• [Raw data]:

===============

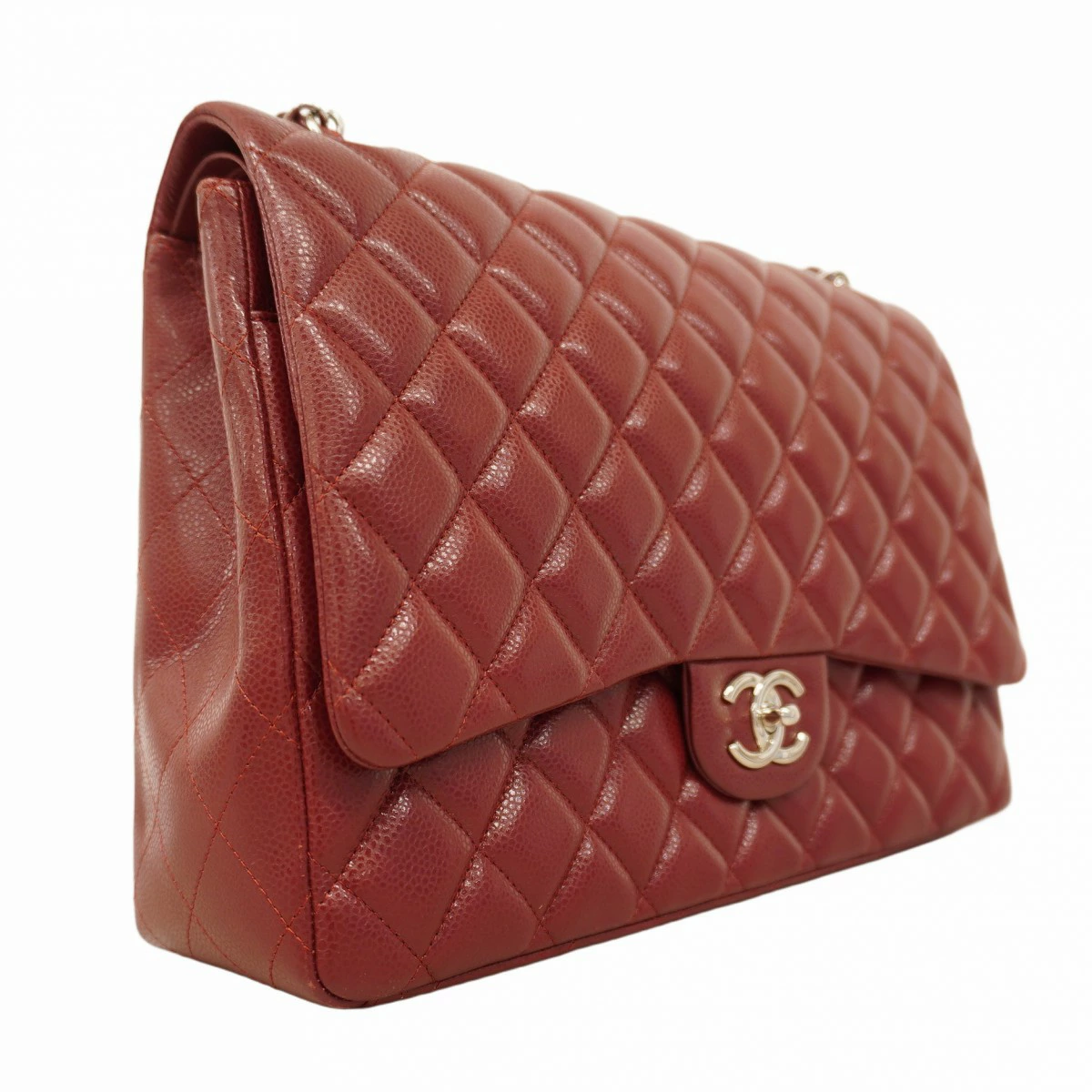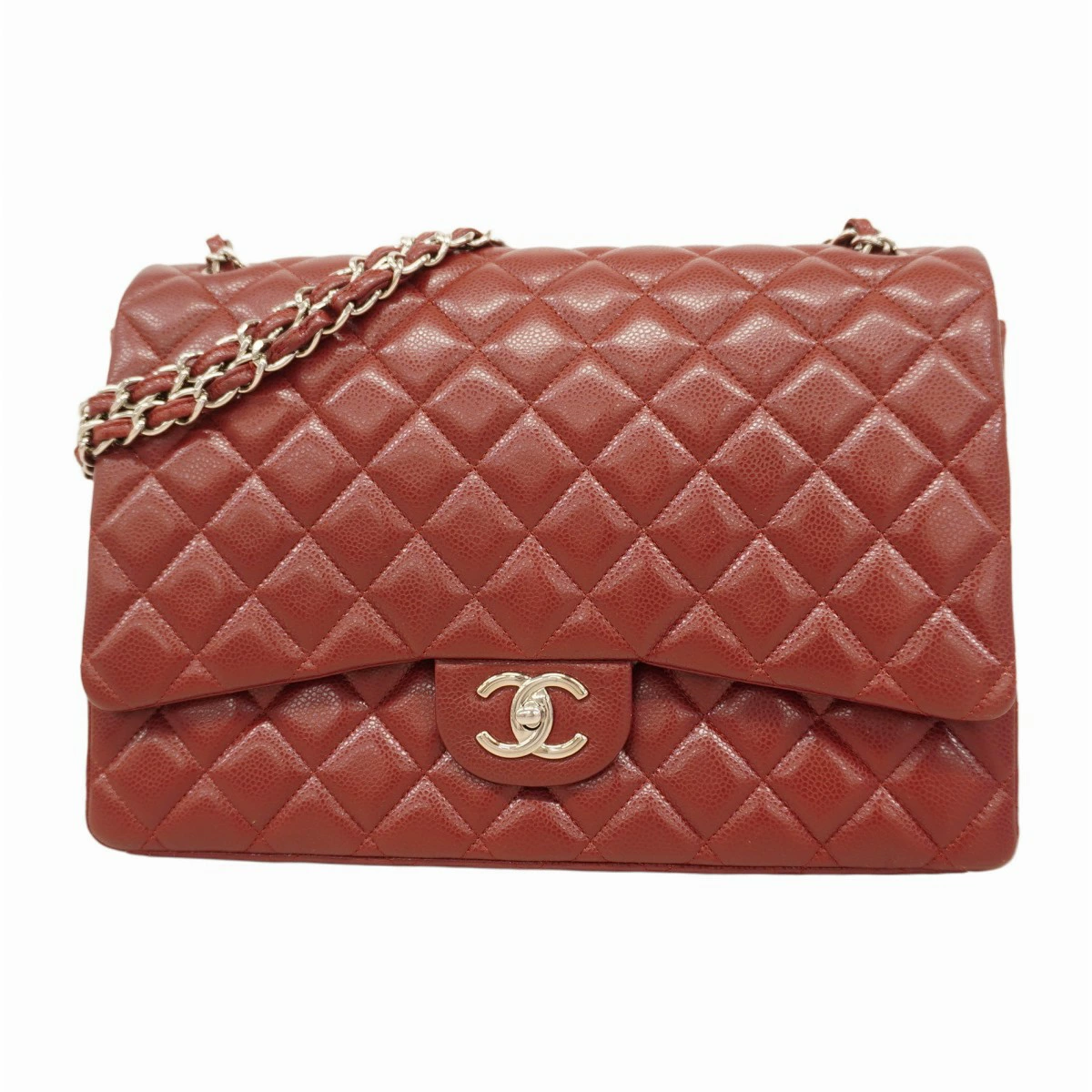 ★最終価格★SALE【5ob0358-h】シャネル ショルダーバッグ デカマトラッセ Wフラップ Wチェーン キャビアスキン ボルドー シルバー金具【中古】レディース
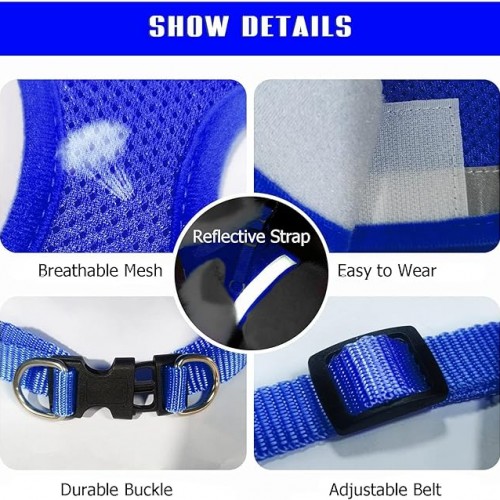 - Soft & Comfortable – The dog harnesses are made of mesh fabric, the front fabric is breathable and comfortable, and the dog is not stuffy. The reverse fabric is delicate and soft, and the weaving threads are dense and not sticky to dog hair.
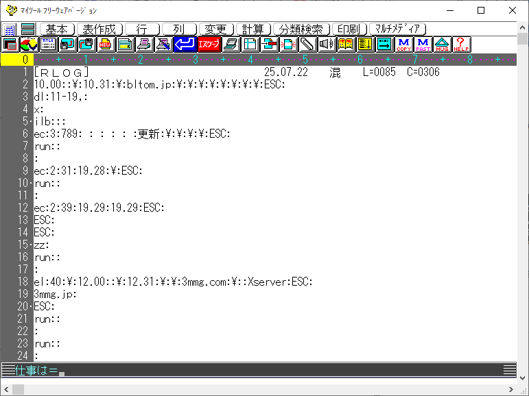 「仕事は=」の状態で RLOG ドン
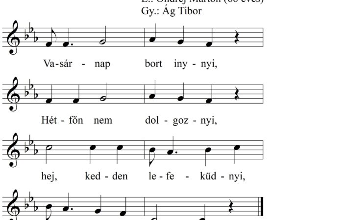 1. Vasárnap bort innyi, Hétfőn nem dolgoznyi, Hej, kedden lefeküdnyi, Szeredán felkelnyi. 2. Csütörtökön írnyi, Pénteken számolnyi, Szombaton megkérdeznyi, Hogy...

===============

• [Work order]: Please set down the whole listing above exactly and skip every picture.

• [Response area]:
 ★最終価格★SALE【5ob0358-h】シャネル ショルダーバッグ デカマトラッセ Wフラップ Wチェーン キャビアスキン ボルドー シルバー金具【中古】レディース
 - Soft & Comfortable – The dog harnesses are made of mesh fabric, the front fabric is breathable and comfortable, and the dog is not stuffy. The reverse fabric is delicate and soft, and the weaving threads are dense and not sticky to dog hair.
 「仕事は=」の状態で RLOG ドン
 1. Vasárnap bort innyi, Hétfőn nem dolgoznyi, Hej, kedden lefeküdnyi, Szeredán felkelnyi. 2. Csütörtökön írnyi, Pénteken számolnyi, Szombaton megkérdeznyi, Hogy...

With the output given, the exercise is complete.